CLDG Celebrates Another Successful Year

The CLDG had its last meeting of the academic year 2013/2014 on Tuesday 3 June, having held 20 separate events, including a symposium in March. Meetings will start again at the end of September 2014.

We would like to thank all supporters of the CLDG who have funded our activities over the past year, every one of our speakers, and everyone who has attended.

We welcome suggestions for events in the coming year, which can be sent to

Tom Gerald Daly and Silvia Suteu

Presentation by Paul Blokker, 3 June 2014

On Tuesday 3 June at 3.00pm in the Ken Mason Suite (Old College).

Dr Paul Blokker, CoPolis and University of Trento, gave a talk on

New Democracies in Crisis: Towards Illiberal and Away from Civic Constitutionalism?
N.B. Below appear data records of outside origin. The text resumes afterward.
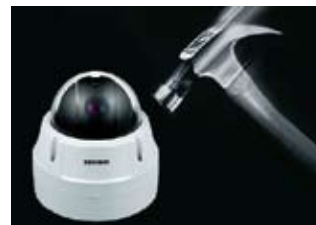
Résistante au Vandalisme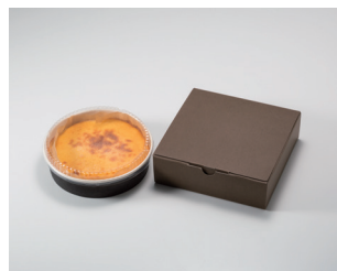
男爵チーズケーキ パティスリー ジョリ・クレール (北斗市)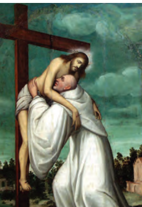
Chrystus obejmuje świętego Bernarda z Clairvaux.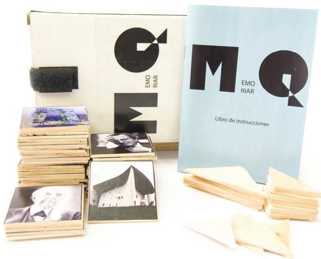
Fig. 1 Juego Arquivista realizado por el alumno Carlos Terry

Aparecen también juegos de construcción, cuyos materiales presentan similitudes con los juegos de construcción tradicionales. En el caso de Arquibloques , se utilizan piezas geométricas de madera que permiten construir elementos arquitectónicos de distintas épocas. En el juego Arquiwall se incorporan piezas de metacrilato junto con las de madera para formar un sistema de soportes y planos opacos y transparentes que reproducen distintos frentes acristalados de las obras de arquitectura más representativas del siglo XX.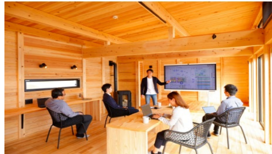
コテージはWi-Fi完備。最新ICTを導入し、経営幹部会議やチームビルディングなどの利用形態を想定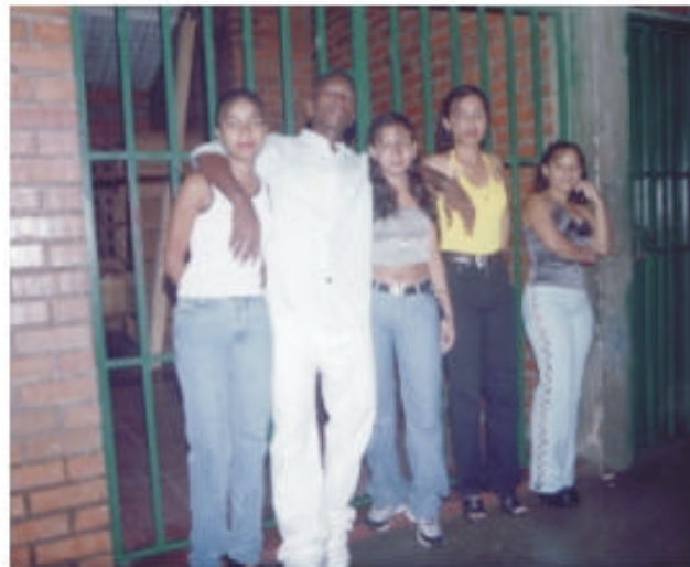
En los momentos previos a la presentación, los jóvenes (hombres-mujeres), esperan en las afueras del Centro de Desarrollo Comunitario el inicio del espectáculo.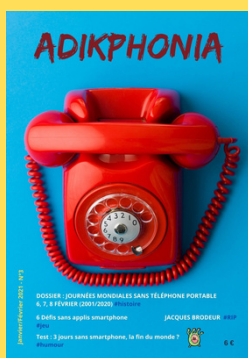
N°3 - Janvier/Février 2021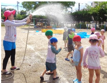
きやあ〜☆ 気持ちいい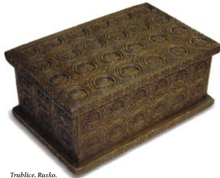
Trublice. Rusko. Ларец, Россия. Small chest. Russia.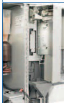
Vão protegido e acessível para os sistemas de pagamento. Moedeiro de troco ou validador instalado com sistema "cashless".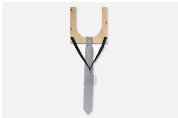
Name tag - Cravate (2022)

Performance et bande sonore Harnais et niveau laser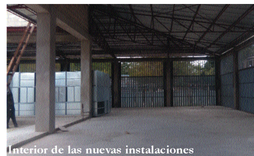
Interior de las nuevas instalaciones

El proyecto se encuentra ejecutado al 75%, a falta de la instalación del sistema de alimentación de energía eléctrica, que será obtendrá de forma limpia con energía renovable, y los acabados finales que permitirán el disfrute para usos múltiples de un edificio sin igual en toda la zona.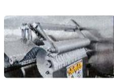
NESTE Automatisk blisteremballasjemaskin for tabletter og gelatinkapsler i blisterpakninger Farmasøytisk emballasje · 18.09.2020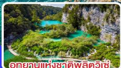
อุทยานแห่งชาติพลิตวิเช่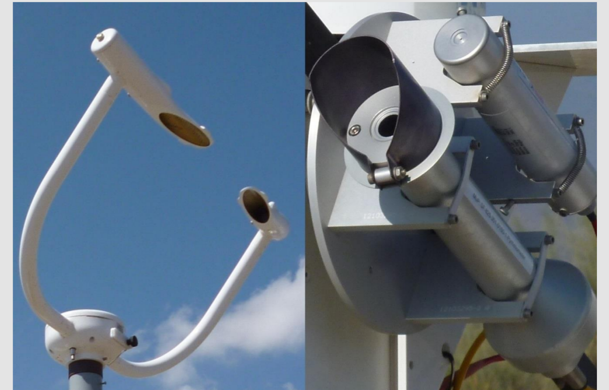
Abb. 2: FS11 Vaisala Streusensor (links), CHP1 Kipp & Zonen Pyrheliometer für DNI Messungen (rechts).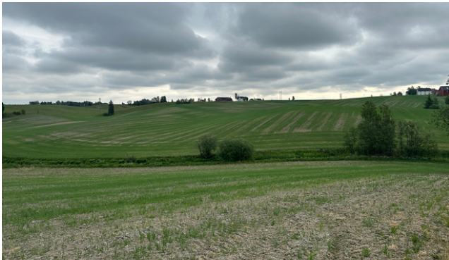
Kornåker påvirket av tørke.

Situasjonen med tørke og mulig avlingssvikt kan gi mange bekymringer, husk å be om hjelp og råd og ikke gå alene og bekymre deg. Kontakt en nabo, rådgivere fra landbruksrådgivingen, andre i næringen, eller oss ved landbrukskontoret for en prat.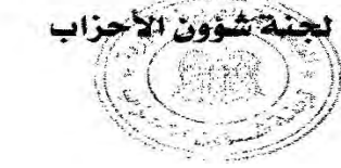
لجنة شؤون الأحزاب

Abstract: The impact of EU accession on new national constitutional orders includes a certain thrust towards a liberal or legal-constitutionalist order as well as an endorsement of a distinctive liberal, representative democratic model and related institutional constellation. But a relatively undiscussed telos of democratization and constitutionalization of the new member states has not remained without domestic reactions and national deviationary pathways. In particular in the post-accession period, EU accession has in some cases invoked particularist reactions within distinct national arenas, which have abused or explicitly criticized the idea of legal constitutionalism and judicial supremacy as well as external infringement on national constitutional orders. What might be understood as particularly problematic are the implications for democratic participation and an understanding of democracy as about the rule of law as well as civic self-government. A dilemma that has emerged in the post-accession period is that of forms of domestic resentment against legal constitutionalism as a constitutional template as well as against a top-down and hierarchical approach of the EU towards democratization and EU accession. In recent times, forms of backlash against legal constitutionalism and judicial supremacy can be observed in the region, in particular in the cases of Hungary and Romania. Such critique of and political action against legal constitutionalism – even if sometimes articulated in terms of the protection of domestic democracy – are not based on a democratic-republican critique of legal constitutionalism and have generally not resulted in attempts to institutionalize more participatory and democratic forms of constitutionalism, quite the contrary.